Bill Northey, senior investment director at U.S. Bank Wealth Management, said in a note to Insider that the labor report was in line with expectations and will do little to discourage the Federal Reserve from pursuing tighter monetary policy.

On a year-over-year basis, wages continue to rise. The Federal Reserve will use this as an additional input to address more durable levels of inflation. Consumer price inflation is close to 8%.

The US indexes were at 4:00 p.m. on Friday.

As the labor market looks healthy enough for now to take on higher borrowing rates, bond yields rose as investors continued to price in expectations for the Fed to deliver big rate hikes.
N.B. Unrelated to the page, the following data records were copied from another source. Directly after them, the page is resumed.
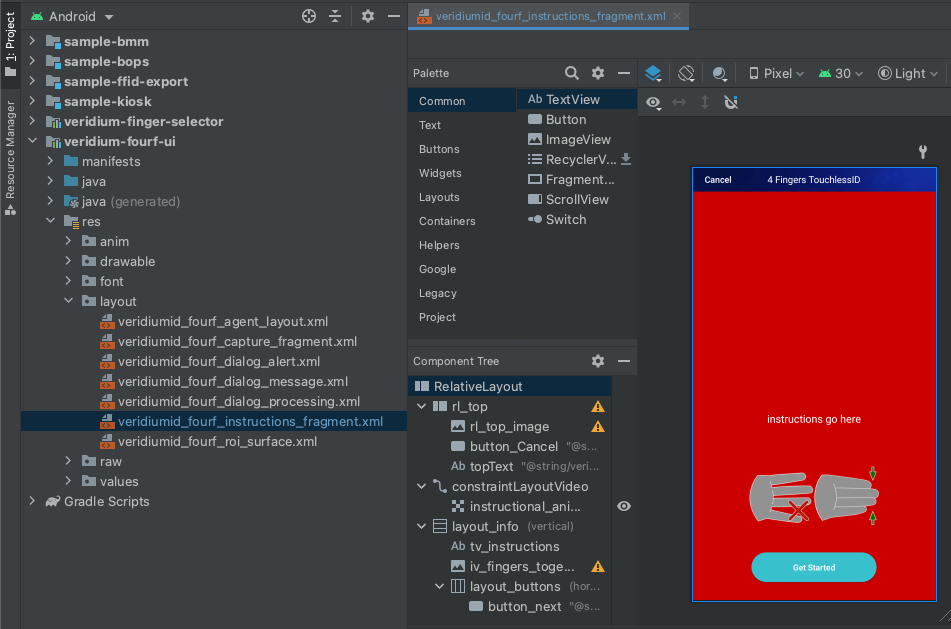 Any aspect of the UI can be altered by importing the project veridium-fourf-ui and editing its source. The following example demonstrates this using the sample-ffid-export app provided in the Android Quickstart package.
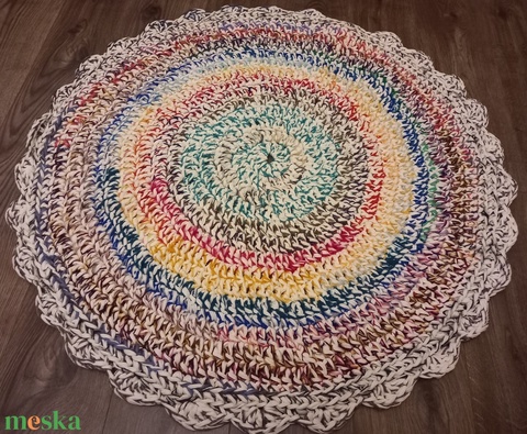 SZIVÁRVÁNY Rongyszőnyeg hatású horgolt kerek szőnyeg
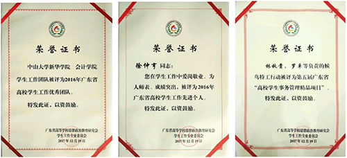 会计学院学生工作团队在日常工作中锐意进取,激流奋进,曾指导学生获得共青团中央学校部、人民日报社政文部、人民网联合举办的人民网全国大学生纪念抗战胜利70周年寻访活动优秀团队奖;在广东省教育厅主办的2016年“我的中国梦”——“立志·修身·博学·报国”主题教育系列活动中,荣获1个二等奖、1个三等奖和2个优秀奖;指导学生在第三届广东省大学生声乐比赛合唱类甲组比赛荣获三等奖。在学校工作方面,团队组织与老师也曾获学校“脉动青春”新生入学教育系列活动“优秀组织单位”和“优秀指导老师”等称号,并多次在校级辅导员职业技能大赛及学生工作开展方面摘取各项殊荣;在科研方面,团队老师承担学校多项课题,近两年发表论文20余篇。其中李杏余老师的论文《新媒体环境下民办高校德育建设的问题探究》获得了第四届全国民办高校党建工作论坛暨第十二届全国民办高校德育工作论坛“二等奖”。
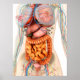 Corpo feminino mostrando sistema digestivo e circulatório.
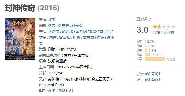 可是观众到影院观看后纷纷吐槽,在各个影评网上《封神传奇》的口碑也是跌入谷底。
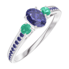 Ring Weißgold 375/-(9Kt) - Blauer Saphir Oval 0.3 Karat - Seitliche Steine Smaragd - Fassung Blauer Saphir

At some of its meetings this year, the Fed could raise interest rates by 50 basis points.

The 2-year yield charged up 13 basis points to a high of 2.469%, which is the most sensitive rate to Fed policy.

The yield curve inverted again after briefly flipping earlier in the week, as the 2-year yield overtook the 10-year yield.

Beijing is considering giving US accounting firms access to their financials to prevent the delisting of Chinese stocks.

Russia is expected to rake in $321 billion from energy exports this year as trade partners continue buying its oil and gas.

The dollar is at risk of losing its dominance and could end up being a lesser player like the UK pound, according to Goldman.

The SEC said that platforms that hold customers must treat them as their own assets and liabilities.

President Joe Biden announced releases from the Strategic Petroleum Reserve. The price of West Texas Intermediate crude declined. The international benchmark for crude oil lost 4.8% at $104.55.

The price of gold fell to $1,927.70 per ounce. The price of the digital currency rose 1.9% to $46,380.87.